Thursday, January 15, 2009

1/9/2009 11:47:00 AM
400 years on, are we happy yet?

We’ve found a way to thrive, but in many areas of life we also face the danger of self-destruction.

Here's wishing you a very happy 400th birthday, Bermuda.

But what is it, exactly, that makes Bermuda happy?

After 400 years of toil and strife, success and triumph, wealth and rewards, I don't think we've figured out.

We licked the Spanish, ended slavery and made a whole heap of money.

So why aren't we happy?

We're a British colony that doesn't want to be British and doesn't want to be independent either.

We complain about the English, grumble about the Americans, scorn the Canadians, sneer at the West Indians, look down at the Asians, don't trust black people and don't trust white people either.

We boast that Bermuda is another world, but spend every penny we earn trying to build mini-skyscrapers and pyramid-shaped hotels and slick glass restaurants that make you think you are absolutely anywhere in the world except for where you really are.

After 400 years, it's probably less clear than ever what exactly it means to be a Bermudian, what a Bermudian looks like, what a Bermudian eats, how a Bermudian speaks, and what kind of structure a Bermudian lives and works in.

Some of it's just the way of the modern world.
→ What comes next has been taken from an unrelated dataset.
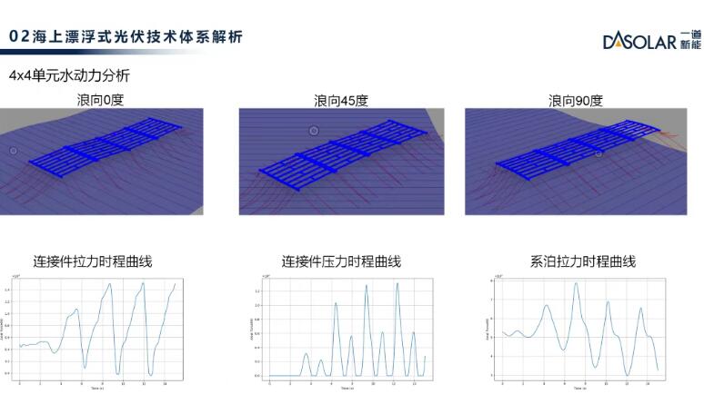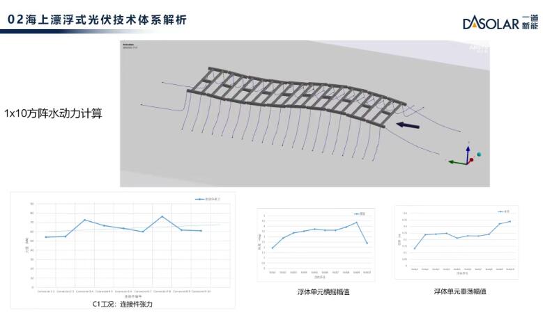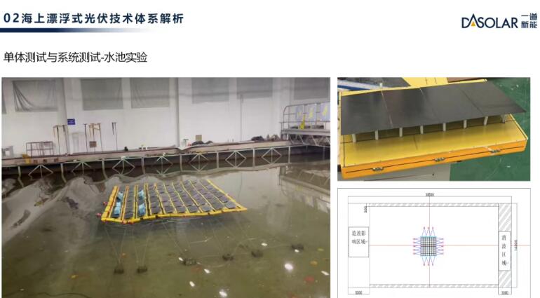 在仿真与测试方面,一道新能采用1×10方阵与4×4单元多浪向水动力模拟,对浮体单元的横摇、垂荡、张力和拉力等进行了系统全面评估,确保系统在面对水流冲击、风浪作用以及外部荷载时,能够保持良好的结构完整性,不易发生变形或损坏。此外,公司还围绕方管支架、楔形连接口、组件承重等关键环节,完成了全链条的抗弯强度测试,为设备的长期运行安全性提供了坚实保障。

People fly around in jets, surf the net, work for international companies, and get educated in all kinds of different countries where they meet and marry all kinds of different people from even more different countries.

Then they come back to Bermuda and try to make as much money as they can.
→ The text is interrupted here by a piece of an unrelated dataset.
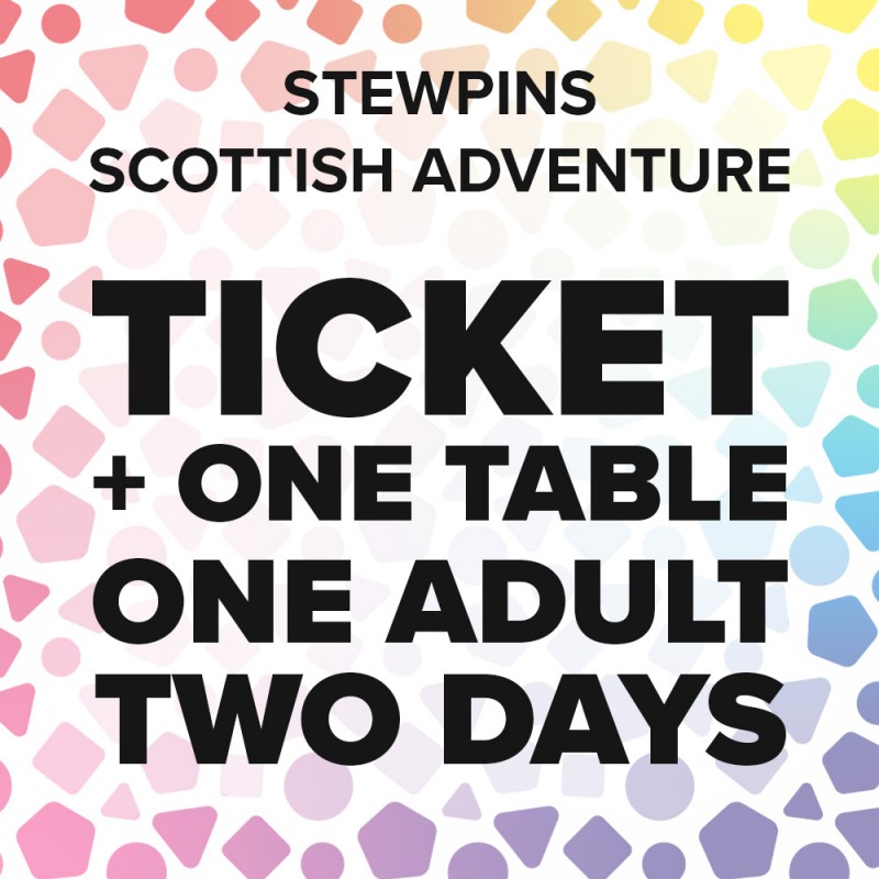 - Product Code: Stewpins Event - Two-Days with Table and One Adult

One thing we can say for certain is this: If we'd spent as much time pursuing happiness over the last 400 years, as we'd spent pursuing money, we'd be... well, a lot happier.

Scientists have been studying happiness more and more and, when you look at their conclusions, it's not hard to see a lot of ways where Bermuda has gone wrong over the last 400 years.

The happiest people

USAToday summarized the research quite neatly:

"The happiest people surround themselves with family and friends, don't care about keeping up with the Joneses next door, lose themselves in daily activities and, most important, forgive easily."

The International Institute of Management has suggested seven criteria for measuring something far more important than our Gross National Product - our Gross National Happiness.

Economic Wellness: Our economy is thriving, compared to most places. But wealth gaps (white vs black, local vs expat) create grievances. Prices are painfully high for ordinary working people... while home prices are debilitating. A lot of people move to North America just to make ends meet.

Environmental Wellness: We're a beautiful island, slowly destroying itself. Planning regulations are routinely ignored or by-passed, roads are over-crowded, litter is abundant, and high population leaves people living cheek-by-jowl. Whatever happened to sustainable development?

Physical Wellness: We're pretty healthy...except for rampant diabetes and obesity (most adults are overweight) not to mention traffic injuries and traffic fatalities.

Mental Wellness: Judge for yourself.

Workplace Wellness: There's pretty much full employment - but a pretty large segment of the workforce doesn't feel it's getting a fair shake - witness the concerns about foreigners getting the best jobs. Two or three weeks of standard vacation that most private-sector workers receive is one of the stingiest in the world.

Social Wellness: Discrimination, safety, divorce rates, complaints of domestic conflicts and crime rates... you know we aren't happy in this department. And don't forget the huge social chasms created by racial separation, public vs private education, local vs international business wealth and culture, and the tears start to flow.

Political Wellness: The good news isn't we aren't killing ourselves, we aren't at war, and our governments are elected democratically. But much of the community is convinced that corruption is a serious problem, divisiveness and animosity between political parties runs high, and there is little individual involvement or access to information.

So happy 400th, Bermuda. We've learned how to thrive, but are we really having fun yet?